Task directions
In the entries below, how many lines hold the word "контр"? Answer with the number only.

*** Opening Provided material ***

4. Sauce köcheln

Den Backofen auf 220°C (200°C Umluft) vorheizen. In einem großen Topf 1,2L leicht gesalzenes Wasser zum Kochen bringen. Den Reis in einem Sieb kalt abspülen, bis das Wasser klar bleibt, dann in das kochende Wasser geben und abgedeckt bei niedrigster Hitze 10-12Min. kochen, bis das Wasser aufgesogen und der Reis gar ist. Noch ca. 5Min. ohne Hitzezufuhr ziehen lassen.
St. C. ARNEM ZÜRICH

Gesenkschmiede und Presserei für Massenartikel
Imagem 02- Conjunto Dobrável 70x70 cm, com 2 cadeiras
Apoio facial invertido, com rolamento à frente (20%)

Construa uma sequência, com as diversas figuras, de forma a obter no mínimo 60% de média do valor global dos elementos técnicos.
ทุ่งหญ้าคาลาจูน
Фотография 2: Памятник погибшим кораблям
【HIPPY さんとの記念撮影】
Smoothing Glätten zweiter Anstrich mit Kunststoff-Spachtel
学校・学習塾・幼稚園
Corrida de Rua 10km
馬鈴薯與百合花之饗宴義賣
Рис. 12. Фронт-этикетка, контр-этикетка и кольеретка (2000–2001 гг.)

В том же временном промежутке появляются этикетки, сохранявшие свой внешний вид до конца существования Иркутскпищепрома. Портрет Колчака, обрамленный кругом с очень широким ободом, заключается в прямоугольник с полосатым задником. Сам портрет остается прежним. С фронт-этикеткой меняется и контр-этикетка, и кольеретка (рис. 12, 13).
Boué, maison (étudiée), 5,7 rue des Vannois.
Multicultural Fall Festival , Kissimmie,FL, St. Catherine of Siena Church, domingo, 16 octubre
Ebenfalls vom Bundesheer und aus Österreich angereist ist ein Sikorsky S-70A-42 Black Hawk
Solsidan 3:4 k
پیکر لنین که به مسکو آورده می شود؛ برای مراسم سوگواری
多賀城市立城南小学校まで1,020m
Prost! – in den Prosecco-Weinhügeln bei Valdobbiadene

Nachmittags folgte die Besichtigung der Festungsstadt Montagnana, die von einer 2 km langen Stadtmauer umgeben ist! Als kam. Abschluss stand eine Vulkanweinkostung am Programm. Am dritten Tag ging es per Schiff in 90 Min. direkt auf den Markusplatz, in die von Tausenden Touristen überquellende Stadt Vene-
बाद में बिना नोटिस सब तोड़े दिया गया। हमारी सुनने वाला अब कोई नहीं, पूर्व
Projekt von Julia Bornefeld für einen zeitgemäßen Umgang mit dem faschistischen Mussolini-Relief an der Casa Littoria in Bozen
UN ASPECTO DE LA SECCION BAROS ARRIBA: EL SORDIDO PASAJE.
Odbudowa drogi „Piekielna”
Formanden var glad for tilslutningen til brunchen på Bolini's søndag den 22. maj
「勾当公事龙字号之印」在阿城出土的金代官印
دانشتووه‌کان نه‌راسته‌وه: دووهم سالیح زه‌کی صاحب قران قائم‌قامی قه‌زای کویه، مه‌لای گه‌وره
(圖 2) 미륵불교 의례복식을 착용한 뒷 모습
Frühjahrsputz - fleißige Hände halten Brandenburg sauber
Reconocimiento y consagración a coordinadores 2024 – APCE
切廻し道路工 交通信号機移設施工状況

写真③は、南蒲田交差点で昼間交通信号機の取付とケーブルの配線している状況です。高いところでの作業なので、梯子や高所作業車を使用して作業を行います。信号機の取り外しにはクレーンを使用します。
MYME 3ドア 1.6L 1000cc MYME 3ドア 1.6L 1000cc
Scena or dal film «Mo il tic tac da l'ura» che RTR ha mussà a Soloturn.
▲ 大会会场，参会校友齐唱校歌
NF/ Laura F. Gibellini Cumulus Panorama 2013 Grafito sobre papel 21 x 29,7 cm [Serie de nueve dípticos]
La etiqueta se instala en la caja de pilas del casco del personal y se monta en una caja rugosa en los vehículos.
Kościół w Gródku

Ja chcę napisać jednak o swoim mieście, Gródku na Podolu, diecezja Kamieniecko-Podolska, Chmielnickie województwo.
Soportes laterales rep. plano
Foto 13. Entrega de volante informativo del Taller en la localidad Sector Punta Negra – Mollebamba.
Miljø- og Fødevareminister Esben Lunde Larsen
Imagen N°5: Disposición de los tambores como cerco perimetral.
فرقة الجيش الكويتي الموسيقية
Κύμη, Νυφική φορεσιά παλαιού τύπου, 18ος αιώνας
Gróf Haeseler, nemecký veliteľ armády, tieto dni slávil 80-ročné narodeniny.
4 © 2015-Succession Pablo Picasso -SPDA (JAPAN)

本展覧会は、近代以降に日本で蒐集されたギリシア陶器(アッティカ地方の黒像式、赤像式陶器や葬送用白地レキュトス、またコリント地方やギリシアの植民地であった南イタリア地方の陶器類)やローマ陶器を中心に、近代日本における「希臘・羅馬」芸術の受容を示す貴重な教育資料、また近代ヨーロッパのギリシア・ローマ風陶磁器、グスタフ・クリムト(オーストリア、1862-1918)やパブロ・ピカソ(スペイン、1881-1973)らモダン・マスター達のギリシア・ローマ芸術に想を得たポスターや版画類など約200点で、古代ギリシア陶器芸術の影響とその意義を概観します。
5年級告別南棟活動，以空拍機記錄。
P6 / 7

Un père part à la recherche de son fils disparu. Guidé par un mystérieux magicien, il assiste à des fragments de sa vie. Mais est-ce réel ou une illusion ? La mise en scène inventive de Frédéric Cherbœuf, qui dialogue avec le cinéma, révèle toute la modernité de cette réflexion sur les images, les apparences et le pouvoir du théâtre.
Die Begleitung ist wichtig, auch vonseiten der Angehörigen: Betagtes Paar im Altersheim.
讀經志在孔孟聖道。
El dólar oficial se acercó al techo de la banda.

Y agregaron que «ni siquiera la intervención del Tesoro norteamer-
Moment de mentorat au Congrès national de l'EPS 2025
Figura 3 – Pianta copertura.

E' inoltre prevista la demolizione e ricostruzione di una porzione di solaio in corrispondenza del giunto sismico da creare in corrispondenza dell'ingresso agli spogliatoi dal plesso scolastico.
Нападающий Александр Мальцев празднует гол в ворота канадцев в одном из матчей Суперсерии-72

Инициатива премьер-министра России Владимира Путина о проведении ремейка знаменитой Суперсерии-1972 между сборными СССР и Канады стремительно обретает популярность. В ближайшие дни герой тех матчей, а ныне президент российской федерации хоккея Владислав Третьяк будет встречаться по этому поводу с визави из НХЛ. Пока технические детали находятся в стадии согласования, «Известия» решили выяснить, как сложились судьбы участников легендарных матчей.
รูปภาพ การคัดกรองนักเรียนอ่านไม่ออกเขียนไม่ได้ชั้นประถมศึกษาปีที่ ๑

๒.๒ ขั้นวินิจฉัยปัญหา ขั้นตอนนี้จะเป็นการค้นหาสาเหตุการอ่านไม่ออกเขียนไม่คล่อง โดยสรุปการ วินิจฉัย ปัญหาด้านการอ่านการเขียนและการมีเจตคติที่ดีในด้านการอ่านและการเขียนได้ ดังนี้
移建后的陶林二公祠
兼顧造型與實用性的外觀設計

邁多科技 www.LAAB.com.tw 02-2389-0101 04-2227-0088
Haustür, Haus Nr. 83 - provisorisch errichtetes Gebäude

*** Closing Provided material ***

The completed task
2